Look below for the line with "Dámský zimní prošívaný", then repeat it and all lines after it, exactly, minus any pictures.

### Provided data:
------------------------------------------------

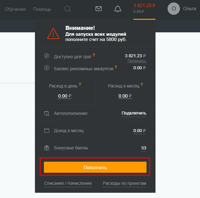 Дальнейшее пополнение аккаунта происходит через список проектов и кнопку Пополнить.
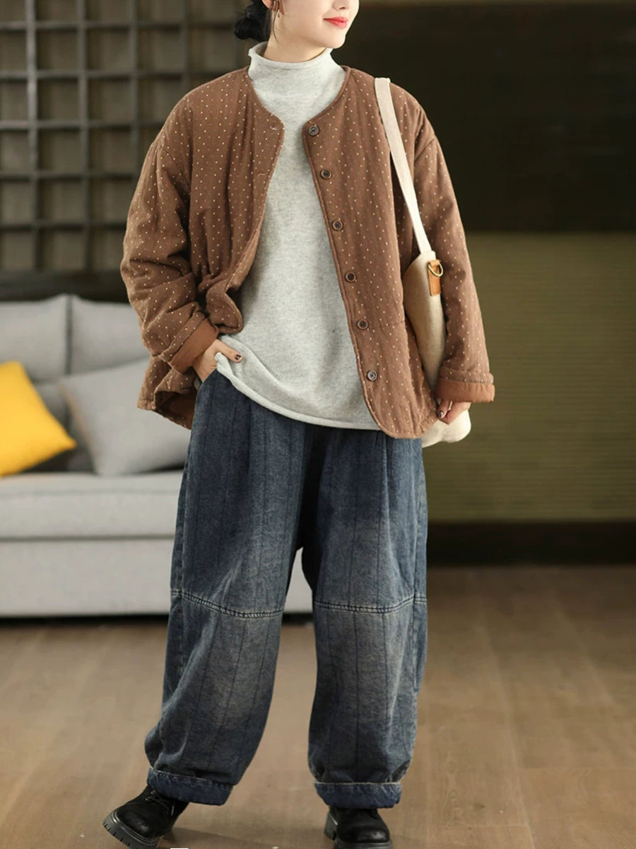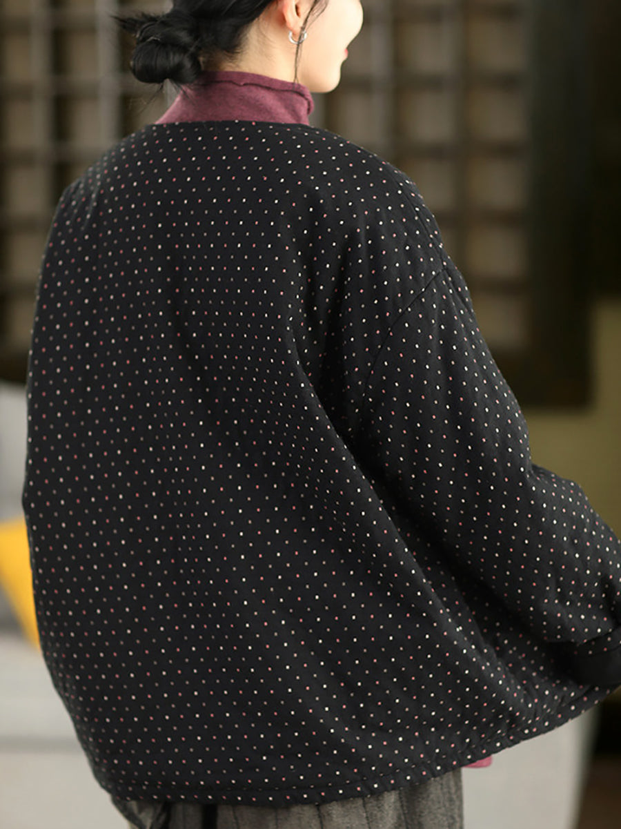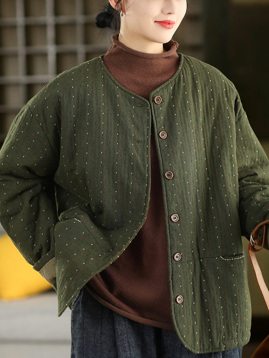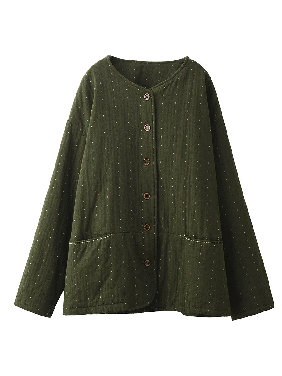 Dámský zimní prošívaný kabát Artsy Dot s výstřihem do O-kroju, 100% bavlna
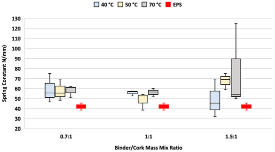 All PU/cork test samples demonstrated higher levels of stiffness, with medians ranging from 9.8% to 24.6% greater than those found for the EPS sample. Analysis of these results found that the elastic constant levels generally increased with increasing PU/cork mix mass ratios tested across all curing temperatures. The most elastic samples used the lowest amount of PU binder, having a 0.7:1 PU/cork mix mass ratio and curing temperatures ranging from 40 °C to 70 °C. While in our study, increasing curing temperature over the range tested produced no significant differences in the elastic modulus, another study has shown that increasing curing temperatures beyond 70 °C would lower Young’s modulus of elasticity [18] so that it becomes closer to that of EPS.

------------------------------------------------

### Answer for the task:
 Dámský zimní prošívaný kabát Artsy Dot s výstřihem do O-kroju, 100% bavlna
 All PU/cork test samples demonstrated higher levels of stiffness, with medians ranging from 9.8% to 24.6% greater than those found for the EPS sample. Analysis of these results found that the elastic constant levels generally increased with increasing PU/cork mix mass ratios tested across all curing temperatures. The most elastic samples used the lowest amount of PU binder, having a 0.7:1 PU/cork mix mass ratio and curing temperatures ranging from 40 °C to 70 °C. While in our study, increasing curing temperature over the range tested produced no significant differences in the elastic modulus, another study has shown that increasing curing temperatures beyond 70 °C would lower Young’s modulus of elasticity [18] so that it becomes closer to that of EPS.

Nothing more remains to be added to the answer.